Exercise objective: Going down the data below, set down exactly the line with "Marker card, self-adhesive, horizontally" and each line after it through the line with "Please be informed"; no other lines.

Data shown:
◆ ◆ ◆ ◆ ◆
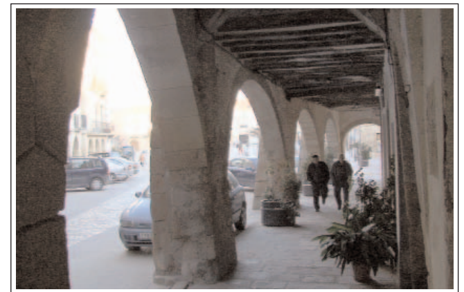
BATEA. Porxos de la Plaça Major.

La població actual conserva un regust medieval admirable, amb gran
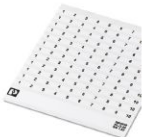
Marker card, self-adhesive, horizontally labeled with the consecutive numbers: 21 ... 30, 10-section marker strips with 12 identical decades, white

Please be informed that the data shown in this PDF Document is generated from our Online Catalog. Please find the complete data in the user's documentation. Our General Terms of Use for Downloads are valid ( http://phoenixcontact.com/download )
◆ ◆ ◆ ◆ ◆
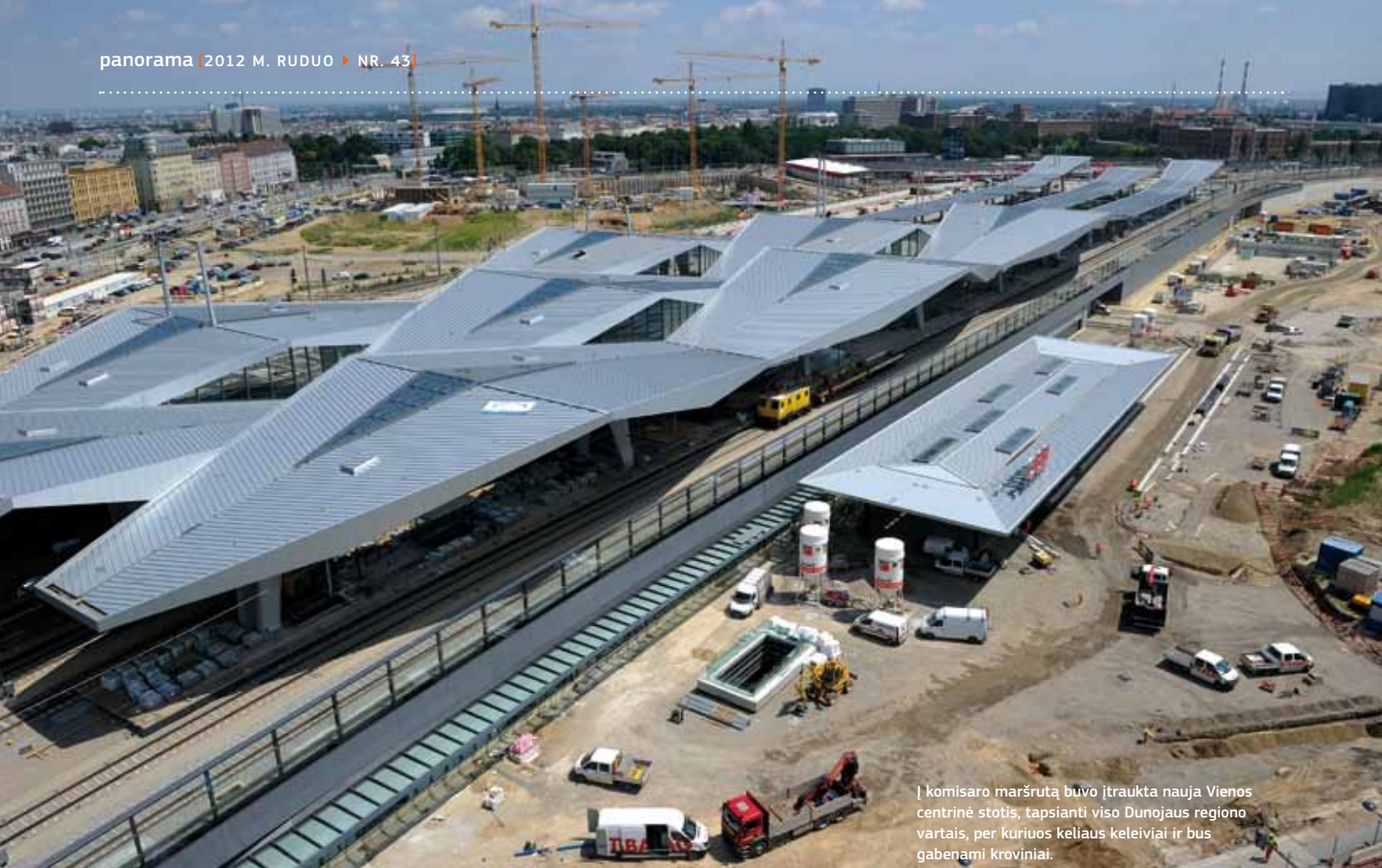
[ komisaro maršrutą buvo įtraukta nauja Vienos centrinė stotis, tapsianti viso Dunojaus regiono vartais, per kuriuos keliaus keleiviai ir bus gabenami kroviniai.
◆ ◆ ◆ ◆ ◆
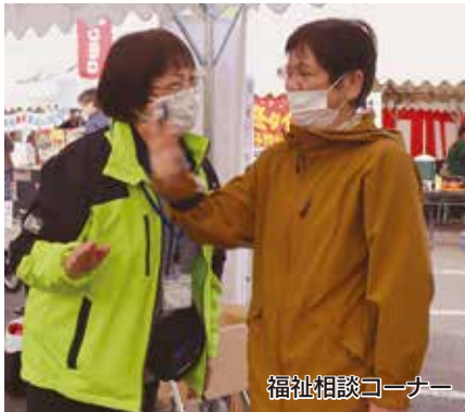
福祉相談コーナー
◆ ◆ ◆ ◆ ◆
Written solution:
Marker card, self-adhesive, horizontally labeled with the consecutive numbers: 21 ... 30, 10-section marker strips with 12 identical decades, white

Please be informed that the data shown in this PDF Document is generated from our Online Catalog. Please find the complete data in the user's documentation. Our General Terms of Use for Downloads are valid ( http://phoenixcontact.com/download )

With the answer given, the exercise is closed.